## Problem:
Copy out every line of the data that follows, exactly.

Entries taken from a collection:
______________________________

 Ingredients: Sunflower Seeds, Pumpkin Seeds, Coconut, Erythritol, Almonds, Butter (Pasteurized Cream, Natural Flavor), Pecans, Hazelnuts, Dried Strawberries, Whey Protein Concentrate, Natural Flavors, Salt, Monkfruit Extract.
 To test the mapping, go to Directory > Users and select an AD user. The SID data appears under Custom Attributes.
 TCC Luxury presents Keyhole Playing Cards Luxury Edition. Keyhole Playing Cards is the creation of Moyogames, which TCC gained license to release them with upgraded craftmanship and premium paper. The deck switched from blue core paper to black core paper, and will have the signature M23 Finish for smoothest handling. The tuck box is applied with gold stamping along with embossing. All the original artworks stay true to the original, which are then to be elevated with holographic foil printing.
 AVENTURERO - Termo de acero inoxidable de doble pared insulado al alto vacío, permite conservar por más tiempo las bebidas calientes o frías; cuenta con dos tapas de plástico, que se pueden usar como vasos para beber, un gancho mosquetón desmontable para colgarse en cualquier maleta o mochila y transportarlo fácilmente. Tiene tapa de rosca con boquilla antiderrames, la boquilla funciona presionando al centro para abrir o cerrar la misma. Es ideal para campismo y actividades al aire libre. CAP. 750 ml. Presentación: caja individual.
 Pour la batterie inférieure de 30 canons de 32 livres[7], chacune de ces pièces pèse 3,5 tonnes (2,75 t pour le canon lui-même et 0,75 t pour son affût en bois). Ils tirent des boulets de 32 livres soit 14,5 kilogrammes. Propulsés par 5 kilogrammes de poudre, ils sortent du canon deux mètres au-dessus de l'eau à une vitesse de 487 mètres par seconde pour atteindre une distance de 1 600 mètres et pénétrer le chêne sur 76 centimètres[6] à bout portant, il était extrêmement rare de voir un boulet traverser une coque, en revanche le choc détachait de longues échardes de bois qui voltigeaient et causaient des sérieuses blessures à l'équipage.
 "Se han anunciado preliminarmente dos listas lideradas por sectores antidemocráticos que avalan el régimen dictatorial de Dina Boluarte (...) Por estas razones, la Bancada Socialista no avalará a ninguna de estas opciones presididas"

______________________________

## Exercise answer:
 Ingredients: Sunflower Seeds, Pumpkin Seeds, Coconut, Erythritol, Almonds, Butter (Pasteurized Cream, Natural Flavor), Pecans, Hazelnuts, Dried Strawberries, Whey Protein Concentrate, Natural Flavors, Salt, Monkfruit Extract.
 To test the mapping, go to Directory > Users and select an AD user. The SID data appears under Custom Attributes.
 TCC Luxury presents Keyhole Playing Cards Luxury Edition. Keyhole Playing Cards is the creation of Moyogames, which TCC gained license to release them with upgraded craftmanship and premium paper. The deck switched from blue core paper to black core paper, and will have the signature M23 Finish for smoothest handling. The tuck box is applied with gold stamping along with embossing. All the original artworks stay true to the original, which are then to be elevated with holographic foil printing.
 AVENTURERO - Termo de acero inoxidable de doble pared insulado al alto vacío, permite conservar por más tiempo las bebidas calientes o frías; cuenta con dos tapas de plástico, que se pueden usar como vasos para beber, un gancho mosquetón desmontable para colgarse en cualquier maleta o mochila y transportarlo fácilmente. Tiene tapa de rosca con boquilla antiderrames, la boquilla funciona presionando al centro para abrir o cerrar la misma. Es ideal para campismo y actividades al aire libre. CAP. 750 ml. Presentación: caja individual.
 Pour la batterie inférieure de 30 canons de 32 livres[7], chacune de ces pièces pèse 3,5 tonnes (2,75 t pour le canon lui-même et 0,75 t pour son affût en bois). Ils tirent des boulets de 32 livres soit 14,5 kilogrammes. Propulsés par 5 kilogrammes de poudre, ils sortent du canon deux mètres au-dessus de l'eau à une vitesse de 487 mètres par seconde pour atteindre une distance de 1 600 mètres et pénétrer le chêne sur 76 centimètres[6] à bout portant, il était extrêmement rare de voir un boulet traverser une coque, en revanche le choc détachait de longues échardes de bois qui voltigeaient et causaient des sérieuses blessures à l'équipage.
 "Se han anunciado preliminarmente dos listas lideradas por sectores antidemocráticos que avalan el régimen dictatorial de Dina Boluarte (...) Por estas razones, la Bancada Socialista no avalará a ninguna de estas opciones presididas"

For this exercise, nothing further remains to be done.